In 1990, he started another exclusive Club of One when he was voted to play for the AFC team in the Pro Bowl. In ’89, he had been voted to baseball’s All-Game. No one ever had made that double play before.
The Adman
Bo Jackson was at the forefront of two of the most memorable - and lasting - ad campaigns of all time. Nike’s "Just Do It" and "Bo Knows," slogans practically embedded in the American consciousness, both debuted in 1988.
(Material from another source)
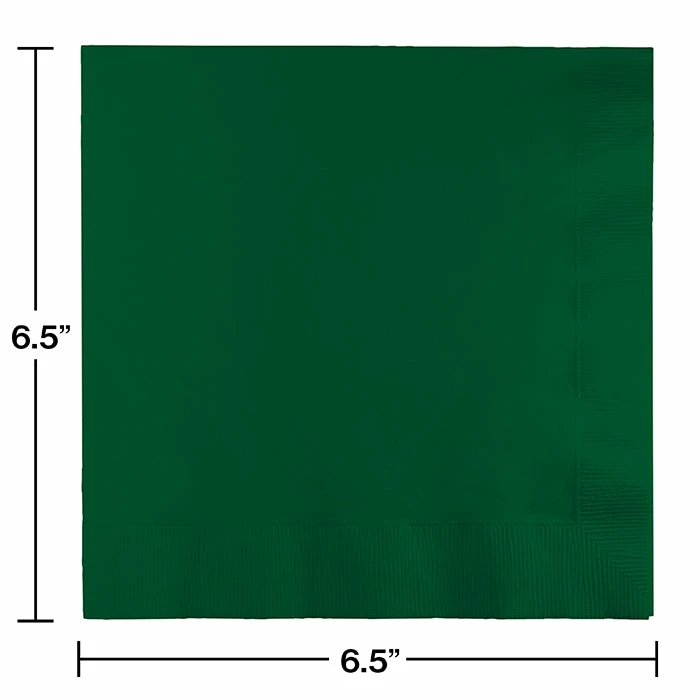 Details: Be prepared for any clean-up situation with these Hunter Green Luncheon Napkins displayed at celebrations and catered events. Each durable napkin measures 6.375 inches x 6.375 inches and each package contains 50 napkins. Put these napkins next to place settings, close to a dinner buffet or on the dessert table. Fan out a group of napkins and display them near snacks and appetizers. The hunter green color is ideal for numerous holiday occasions, receptions and birthdays as well as other large celebrations and gatherings. The Hunter Green Luncheon Napkins are sold. For this price, you get one package containing (50) Hunter Green Luncheon Napkin 2Ply. Approximate Dimensions: 6.4 in x 6.4 in

The most famous of many spots came in 1990. Bo is presented as The Man. Football’s Jim Everett says, "Bo knows football," Baseball’s Kirk Gibson says, "Bo knows baseball." Basketball’s Michael Jordan says, "Bo knows basketball." Hockey’s Wayne Gretzky comes skating up and simply says, "No!" Jackson then jams very badly with rock legend Bo Diddley, who stops and says, "Bo, you don’t know Diddley!"
The Comeback
Bo Jackson didn’t play in the Pro Bowl after the 1990 season. A routine run, a routine tackle and a seemingly routine fall in a divisional playoff game against Cincinnati had a not-so-routine consequence: Jackson’s left hip was dislocated. He relocated it himself but the pain was unbelievable.
No one knew then, but he never would play football again. In 515 carries over 38 late-season games in four years, he averaged 5.41 yards (among running backs with the requisite number of attempts, Jim Brown has the highest average of all time, 5.22).
No one knew then, too, but the dislocated hip and the complications that followed sapped Jackson's speed. He would play baseball again, in a limited role (71 at-bats) for the Chicago White Sox in 1991 and then again in 1993, remarkably after hip replacement surgery in 1992.
Blood supply had been cut off to the area around Jackson’s left hip socket, causing deterioration of the cartilage and bone, a condition known as avascular necrosis.
Doctors were concerned that he would walk normally. Bo Jackson was determined he would play baseball again, and he came back to the game in goose bumps fashion: He hit a home run in his first swing in 19 months in April 1993.
He carried on through 1993 with the White Sox, then in 1994 with the California Angels, now a study in courage and a pacesetter yet again. No one ever had played major league baseball with an artificial hip. "I actually slid a few times on it," he says. "It didn’t make my doctors happy, but it didn’t hurt me, either."
He hit a total of 29 home runs in 1993-94 - stole one base, too - and then, at 32, took his magic body out of the games.
The Good Life
He has no regrets. None. Some people think he should have picked one sport and stayed with it. He says he's lucky to have done it all. Some people decry the injury he suffered in football. He says it could have happened sliding into third base.
"Life is about ifs," he says. "It would be nice to be in the Baseball Hall of Fame or the Pro Football Hall of Fame [he is in the College Football Hall of Fame], but it would be nice to win the Powerball lotto, too."
A rich man in many ways, he lives in suburban Chicago, in a bucolic setting on rolling hills by the Des Plaines River, with his wife, Linda, and their three teenage children - Garrett, 18, Nicholas, 16, and Morgan, 14.
Bebe Jackson died in 1992, three weeks after Bo’s first hip surgery (he has had two ensuing operations on the hip), and in 1995 Bo completed his promise to his Mama when he finished his degree in human sciences from Auburn.
He own or co-owns successful meat and food processing and distribution companies.
Bo Jackson’s life is no longer an adrenaline rush, no longer the stuff of folk songs.
But he was fortunate once. He got to sing his song.
And lucky us, of course: We got to watch and listen.